One of the common aspects of the prior art methods that utilize two separate stressed films, or “dual stressed films,” is the inability to self-align the edge of the second stressed film 70 to the edge of the first stressed film 50. The use of two lithographic patterning is inevitable if only the film that applies the right kind of stress is to remain over each MOSFET in a CMOS circuit that employs both mobility enhanced PMOSFETs and mobility enhanced NMOSFETs. One stressed film is deposited and patterned first, which is designated as a “first stressed film” 50 in FIG. 1. The edge of the first stressed film 50 is defined after a lithographic patterning and etching of the first stressed film 50. Thereafter, the second stressed film 70 is deposited, lithographically aligned to the existing edge of the first stressed film 50, patterned, and etched.

However, any lithographic alignment has inherent non-zero overlay variations for an alignment to exiting alignment marks. Even some of the currently most advanced lithographic tools such as an 193 nm DUV lithography systems have a total overlay tolerance, or overlay variations, between about 40 nm to about 50 nm, which is comparable to the thickness of the stressed films, which is typically from about 50 nm to about 100 nm. Trying to align the edge of the second stressed film to the edge of the first stressed film may result in about 50 nm or more of overlap between the two films or alternatively, may result in a gap of about 50 nm or more wherein no stressed film exists. Since the two films have opposite stress types, such variations in the overlay would result in excessive variations in the stress applied to the devices near the boundary between the two types of stressed films. To reduce the variations in the stress applied to the nearby devices, a structure such as shown in FIG. 1 is typically employed in the prior art to insure that the second stressed film 70 overlies the first stressed film 50 even in the worst case of overlay variations. However, since the two films have opposite stress types, vertically overlaying the two stressed films result in partial cancellation of the stress applied to the nearby devices. The stacked local structure 72 in FIG. 1 that includes a stack of a portion of the first stressed film 50 and a portion of the second stressed film 70 effectively neutralizes or diminishes the stress near the boundaries wherein the two types of stressed films adjoin.

While novel methods may be employed to alleviate this problem, for example, as disclosed by Yang et al. in the U.S. patent application Publication 2006/0099793 A1, in which a current conducting member is utilized with an underlapped pair of a tensile film and a compressive film to maintain a consistent level of stress in each MOSFET region, introduction of any additional structure tends to add to the chip area and hence, becomes a less economical option. Furthermore, application of a maximum level of stress on the MOSFETs near a boundary would be possible only if the two stressed films do not have an overlap or an underlap, i.e., do not form an area wherein two types of stresses cancel or diminish each other.

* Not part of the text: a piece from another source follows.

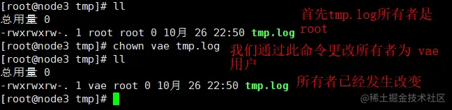 然后我们将tmp.log的所有者更改为 vae 用户:chown vae tmp.log

Therefore, there exists a need for a method of reducing or eliminating the deleterious effects of overlay variations on the topography of dual patterned stressed films.

Also, there exists a need for a structure wherein the deleterious effects of overlay variations on the topography of the dual patterned stressed films are minimized or eliminated.

Furthermore, there exists a need for a structure with a boundary region wherein a first stressed film and a second stressed film adjoin and the boundary region delivers consistent level of stress to the adjacent MOSFET devices irrespective of the overlay of the photoresist used to pattern a second stressed film.